Stored items from a collection:
= = = =
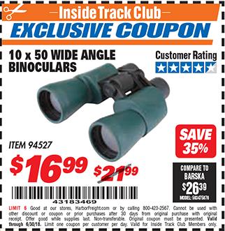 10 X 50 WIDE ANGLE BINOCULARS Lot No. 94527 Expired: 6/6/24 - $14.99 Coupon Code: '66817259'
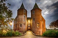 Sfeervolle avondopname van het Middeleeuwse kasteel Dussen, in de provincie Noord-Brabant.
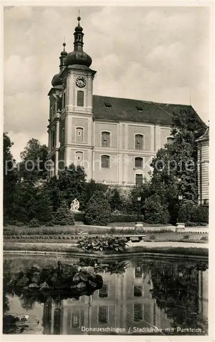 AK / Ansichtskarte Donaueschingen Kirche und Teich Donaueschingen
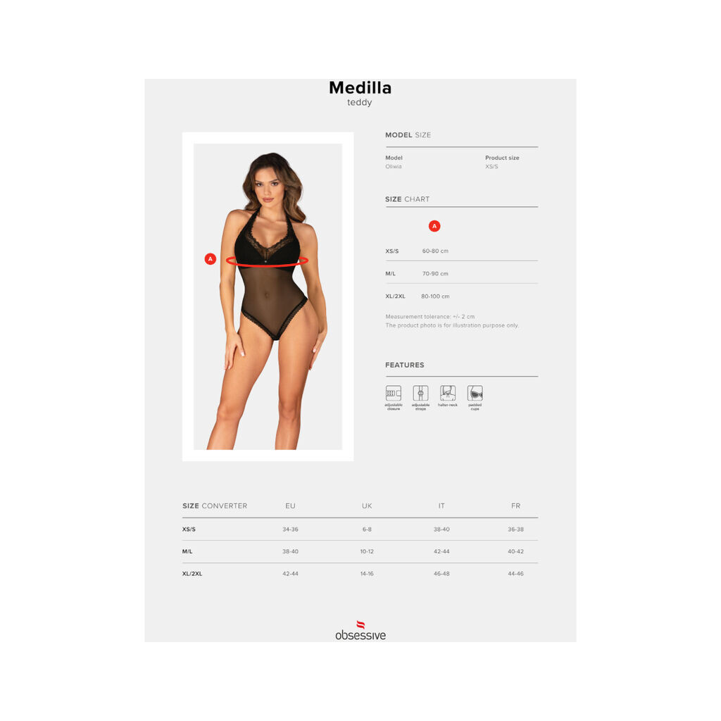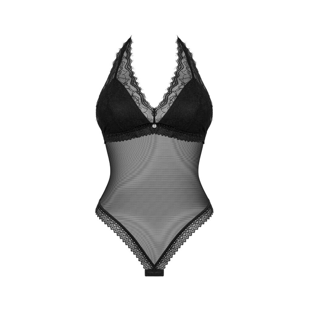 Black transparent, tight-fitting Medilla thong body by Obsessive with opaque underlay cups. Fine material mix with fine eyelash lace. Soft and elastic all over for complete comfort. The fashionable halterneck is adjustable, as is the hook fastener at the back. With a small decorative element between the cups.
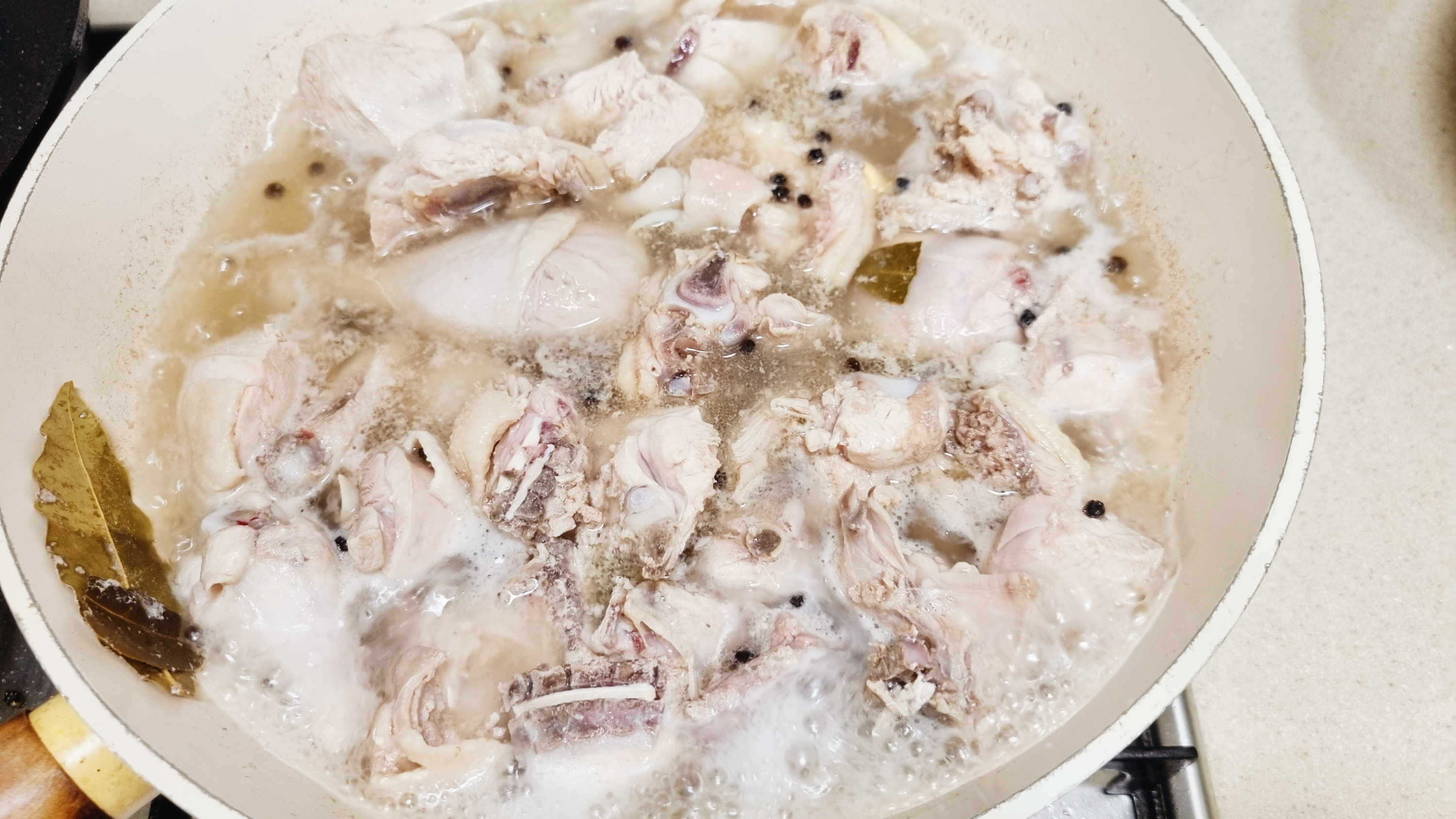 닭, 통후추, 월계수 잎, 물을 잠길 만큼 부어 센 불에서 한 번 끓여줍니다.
= = = =
The task:
Where the line containing "Black transparent, tight-fitting" appears above, start there and set down each line exactly through the last line of the data; leave out every picture.

Result for this task:
 Black transparent, tight-fitting Medilla thong body by Obsessive with opaque underlay cups. Fine material mix with fine eyelash lace. Soft and elastic all over for complete comfort. The fashionable halterneck is adjustable, as is the hook fastener at the back. With a small decorative element between the cups.
 닭, 통후추, 월계수 잎, 물을 잠길 만큼 부어 센 불에서 한 번 끓여줍니다.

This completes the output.